Although the neuro-muscular theory behind the EMG signals generation hypothesizes the existence of applicable schemes [14], still no robust and reliable solutions appeared among both scientific literature and commercial devices [1]. In the last decades, the biological inspired approaches have earned an increasing approval by the scientific community even though how the human central nervous system (CNS) copes with a complex neuromusculoskeletal system is not fully understood yet [12], [28].

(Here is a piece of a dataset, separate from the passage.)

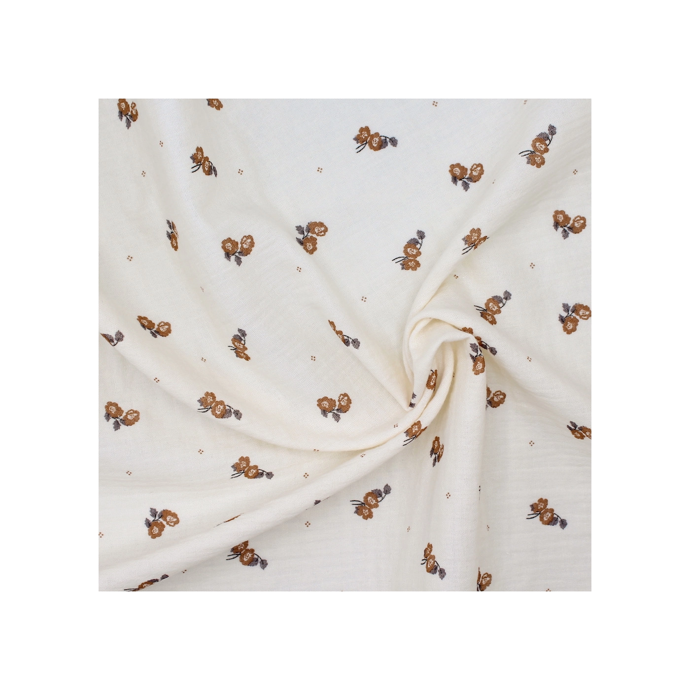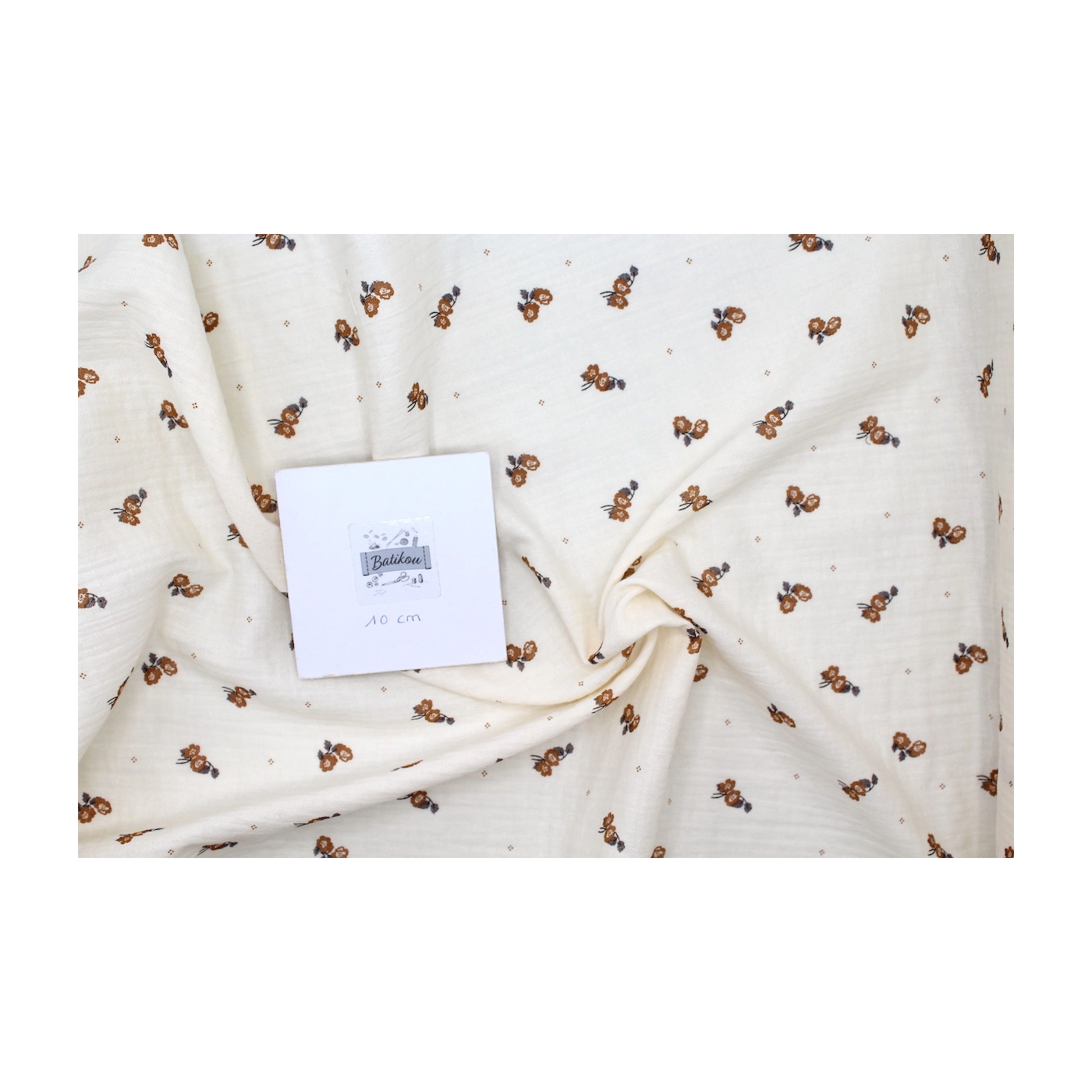 Coupon de 28 cm de Hana - Double gaze de coton BIO écru motif exclusif

The bio-inspired myo-control paradigms could be mainly categorized in model-based and synergies-based approaches. The former relies on the mathematical modeling of all physiological and mechanical processes that are involved in the human movement generation and it is usually used to accurately estimate the articulations torque at the expense of both a long lasting calibration phase and high computational cost [7]. The latter aims at minimizing the computational cost by mimicking the CNS through the identification of specific muscle activation patterns, also called muscle synergies, exploited during task-related movements [3].
In the last decade, some researchers have focused their attention on the development of muscle synergies-based approaches for the human motor activity detection, that represents the basis for an effective myoelectric control [17]. For the sake of brevity, the two most representative papers are reported and described.
Denise Berger et al. [2] demonstrated that muscle synergies represented a valid technique to continuously estimate isometric forces generated by the hand in real-time through the surface EMG acquired from upper limb muscles. The setup proposed by Berger et al. considered a single arm pose and isometric forces applied at the hand in multiple directions on the horizontal plane. The authors demonstrated that the proposed synergies-based myo-controller was able to ensure the same level of accuracy achieved using the force sensor during online tasks. Ning Jiang et al. [19] successfully developed a strategy for achieving an accurate simultaneous and proportional control of a 2-Degrees of Freedom (DoF) wrist prostheses by concurrently extracting synergies-based control signals from each independent DoF. However, they documented a substantial decrease of the performance when introducing the 3rd DoF. In both the above mentioned works, the proposed setups for the experimental validation were based on a single arm/wrist pose and considered isometric multi-DOF forces generated at the hand/wrist. It is worth noting that the two cited works successfully proposed synergies-based myo-controllers that are able to estimate the human motor intention during tasks involving few DoFs and a fixed arm pose. However, to the best of the authors’ knowledge, how such approaches might be extended for setups featuring a high number of limb poses has been not studied yet. In fact, the already proposed paradigms rely on a specific synergies-to-force mapping that has been computed in a pre-defined limb pose.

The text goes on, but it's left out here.